The funny thing is Franklin’s account wasn’t the most popular.

“Keyla (Snowden), she had 99 messages after the game,” Franklin said. “So I came in second place.”

Junior guard Amber Smith said she had 90, but who’s counting.

Kentucky women’s basketball is on the grand stage, preparing for the biggest game in school history. Just hours removed from upsetting No. 1 seed Nebraska in the Sweet 16, UK is preparing for No. 3 seed Oklahoma (Tuesday at 9 p.m. on ESPN).

With the men’s season closed, the attention of Big Blue Nation has turned to the women’s historic run. UK Hoops head coach Matthew Mitchell has always stressed the “one game at a time” mentality, but he’s not oblivious to Tuesday’s stakes.

“It’s a big, big moment,” Mitchell said. “There’s no doubt about it. I think it’s silly to say it’s just another game. It’s not.”

A win would push the Cats into the Final Four for the first time in school annals.

“What we will try to do is get all of those things – how happy we would be to win, how sad we would be to lose – get all the consequences of the game off our mind and just focus on what we need to do,” Mitchell said. “This team has shown me they have that ability, and so I suspect they’re probably going to be able to do that one more time.”

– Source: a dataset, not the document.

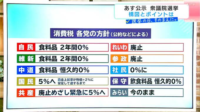 例えば、「消費税」についての各党の公約をまとめると、以下のようになっていて、各党は私たちの暮らしに関する公約を全面的に打ち出しています。
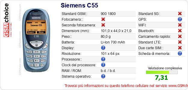 Dati del telefono cellulare Siemens C55 sul tuo sito

Kentucky’s defense was spectacular in the regular season and has spilled over to the postseason. In NCAA Tournament play, UK is forcing 18.7 turnovers a game, which has generated an average of 20 points off turnovers.

Against Nebraska, UK turned the No. 1 seed’s offense upside down. The Cats limited Big 12 Player of the Year Kelsey Griffin’s touches and forced the Cornhuskers out of their half-court rhythm.

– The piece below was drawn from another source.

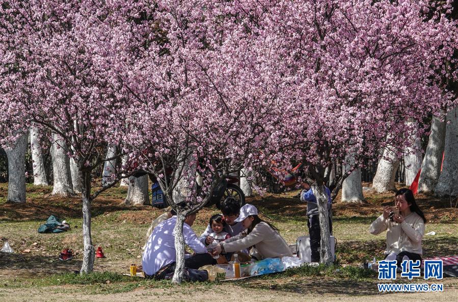 3月15日,在南京東郊體育公園,市民在櫻花樹下休息賞櫻。 當(dāng)日,南京風(fēng)和日麗,市民們來(lái)到東郊體育公園,踏青春游。 新華社記者 楊磊 攝

“It was our fundamentals,” Mitchell said. “It was closing out. It was putting pressure on the ball. It was denying passing lanes. It was fronting the post.”

Mitchell’s defense, although it has done it all season long, was taken notice of by some of the game’s best coaches.

“I had had some friends of mine that are coaches that aren’t playing right now, and they came in for the game, and the compliments I received were, ‘Wow, you front the post, you deny the passing lanes, you put pressure on the ball,’ ” Mitchell said.

After forcing 16 turnovers, including 10 steals, junior forward Victoria Dunlap was asked if UK had played a perfect defensive game yet. The remaining teams in the tournament might want to heed her answer.

“I don’t think we have played a perfectly complete defensive game,” said Dunlap, who finished with 18 points and seven rebounds against Nebraska. “I know we have our moments where everybody is on one tilt and everybody is moving and rotating on defense, but every now and then we just have a couple times where we’ll slip up and get penetration or just different little things.

“We definitely have a lot more room to grow and just things to get better at.”

One of the biggest improvements defensively for the Cats has come from an unlikely source. Sophomore sharpshooter Snowden has emerged in the starting lineup the last eight games to provide a stingy defensive presence.

Snowden has always had the ability to shoot, but she was pointed to the bench midway through the season against Vanderbilt because of her inability to defend, Mitchell said.

The diminutive guard took the benching to heart and refined her work ethic on the defensive end.

“I’m really proud of her because she was getting it in practice,” Mitchell said. “It was not a lot of warm and fuzzies in practice for her. It was tough every day for her to come in because I knew she had the ability. I knew she could do it.”

Coupled with her ability to shoot – Snowden is 8-of-18 from three-point range in the NCAA Tournament – Snowden has been too good to return to the bench.

“Her range is so deep, you have to respect that, and if you don’t she’s going to burn you,” Mitchell said. “It’s a remarkable thing, an example for the rest of the players, that if you just change your mindset, you can go from literally not getting in a game to, as you all are witnessing, being a significant player on the college women’s basketball’s biggest stage.”